Dolar

34,8613

Euro

36,7629

Altın

3.042,55

Bist

10.141,62

Şii dünyasında bir çatlak daha: Habib-Sistani kavgası (1)

Ünlü Şii din bilgini Yasir el-Habib, Necef Şii Havzası'nın başı Ali Sistani'yi ve bürosunu yaptıkları açıklamalar nedeniyle sert bir dille eleştirdi. 'Şirazi ekolü'nden gelen Habib'in Sistani hakkında yaptığı bu açıklamaların, Şii dünyasında sürmekte olan pek çok 'kan davası'na bir yenisini daha ekleyebileceği belirtiliyor.

12 Yıl Önce Güncellendi

2013-11-06 15:30:26

Şii dünyasında bir çatlak daha: Habib-Sistani kavgası (1)

INCANEW'İN HABERİNE GÖRE; Geçtiğimiz ay Bağdat'ın Azamiye semtinde bir grup Şii Hz. Ömer ve Hz. Aişe'ye hakaret ederek yürüyüş yapmıştı. Iraklı şiilerden İslama büyük hakaret

Bunun üzerine Irak'taki Şii Necef Havzası'nın başı ve en büyük dini bilgini olarak görülen Ali Sistani'nin ofisinden yapılan açıklamada bu yürüyüşçülerin hatalı davrandıkları, bu gibi kimseleri teşvik edenlerin öldürülmesi gerektiği açıklaması yapılmıştı.
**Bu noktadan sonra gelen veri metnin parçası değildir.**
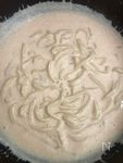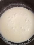 牛乳を100mlずつ加え、小麦粉のダマが残らないように、泡だて器を使って常にまぜる。 火加減:常に中火 |

Ali Sistani1980'li yılların sonunda hocası ünlü Şii mercii Ebulkasım el-Hoyi (1899-1992) ile Hoyi''nin Necef'teki evinde

Londra'da yaşayan ve Şiilerin Şirazi ekolü ile birlikte hareket eden, Peygamberin eşi Aişe ve diğer sahabeler hakkında yaptığı "kafir, fah..e, hırsız, yalancı, hom..ksüel v.b" açıklamalar nedeniyle Sünnilerce "Yasir el-Habis" olarak isimlendirilen Yasir el-Habib, açıklamanın yapıldığı Sistani'nin ofisini, yine benzer yönde açıklamalar yapan Mukteda Sadr'ı sert bir dille eleştirerek onları Şia'ya muhalifleri memnun etmek adına Şiileri üzmekle suçladı.





Yasir el-Habib'in Sistani'yi eleştirdiği konuşması

el-Habib Sistani'yi daha önceleri sevdiklerini, ona saygı duyduklarını, Ehl-i Sünnet aleyhine konuşmamasını "takiyye" icabı anlaşılır gördüklerini, hatta "takiyye" icabı yapılanı hata olarak tanımlamalarını de anlayabileceklerini ama açıklamanın dozajının sert olduğunu, Sistani'nin ofisinin ileri gittiğini belirtti.
el-Habib'in İran rejimini uygulamaları ve aralarındaki bazı itikadi sorunlar nedeniyle Humeyni'yi ve Hamaney'i ve onların ekolünden gelenleri, Sadr Hareketi'ni sert bir şekilde eleştirdiği fakat Sistani ve Necef'te Sistani etrafında kenetlenmiş diğer üç Şii mercii olan Iraklı Muhammed Said el-Hakim (1934-), Afganistanlı İshak Feyyaz (1930-) ve Pakistanlı Beşir Necefi'yi (1942-) Ehl-i Sünnet hakkında suskunluklarından dolayı mazur gördüğü, onların ve kendilerinin inançlarının bir olduğunu bildiklerini, bu Şii mercilerinin kitaplarında Şia inancının açıkça anlatıldığını belirttiği konuşmalarında sıkça geçmekteydi. Fakat Sistani'nin bu son açıklamalarının el-Habib'in Sistani hakkındaki konuşmalarında açık bir tavır değişikliğine neden olduğu gözlemleniyor.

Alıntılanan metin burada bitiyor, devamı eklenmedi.